As if disclosing his fascist intent of hanging 5000 citizens to cleans the society by Imran Khan’s Federal Minister Faisal Vawda was not enough, PTI social media trollers have spread a wave of terror by hashtaging–on Twitter in Pakistan under a montage of prominent journalists and TV anchors who had criticised Khan or the military. “These are the people who are responsible for chaos, anarchy, manipulation. They are the real enemy of the state,” said one tweet. “Hang them all,” urged another.
This threat is not idle. In January last, an award-winning reporter, Taha Siddiqui known for critical reporting of the government, was on his way to Islamabad airport to fly to London when a car forced his taxi to stop. He was waylaid by armed hoodlums, beaten up and threatened to kill him. Similarly many anti-government bloggers find it hard to stay put in Pakistan. Quite a few of them have taken up asylum in UK.
To what extent authorities have gone could be imagined by the fact that there have been more and more instances when interviews are blocked just when they started telecasting. Former Prime Minister Mian Nawaz Sharif’s daughter Maryam Nawaz’s interview with Nadeem Malik was blocked up soon after it went on air. Earlier to it, Geo’s anchor Hamid Mir’s interview with the former president, Asif Ali Zardari, was taken off air and adverts for biscuits and mobile phones appeared. A ticker tape at the bottom stated: “This interview will not be broadcast today-” was Geo’s announcement.

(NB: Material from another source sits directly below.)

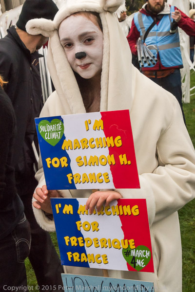 Another polar bear on a protester's head. And a woman marching for two French protesters whose Paris climate march was banned
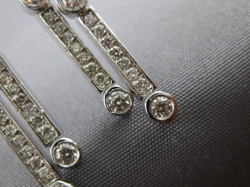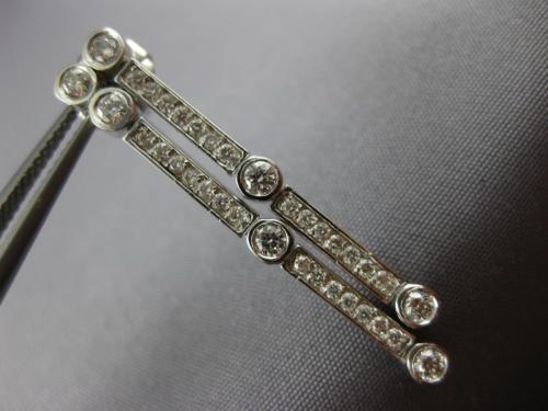 ESTATE 1.27CT DIAMOND 14KT WHITE GOLD BEZEL DOUBLE ROW HANGING EARRINGS #16917

Pakistan’s Foreign Minister Shah Mehmood Qureshi left London scene pricking the conscious of some of the MPs who had been deliberating to question British government’s foreign aid to Pakistan which according to Lord Alton, the crossbench peer who championed the cause of Asia Bibi, the Pakistani Christian woman held on death row for nine years on blasphemy charges— Pakistan is the UK’s biggest recipient of foreign aid.
“There is a direct link between the prosperity of a country, the strength of its economy, the wellbeing of its people and fundamental freedoms such as freedom of speech and religion,” he said. “In Pakistan these rights are being trampled on daily and we should be raising our concerns. Instead we have poured in £2.6bn over the past decade.” One does not know how would the parliamentary committee that is to investigate UK aid to Pakistan react to ongoing crackdown on free expression and media.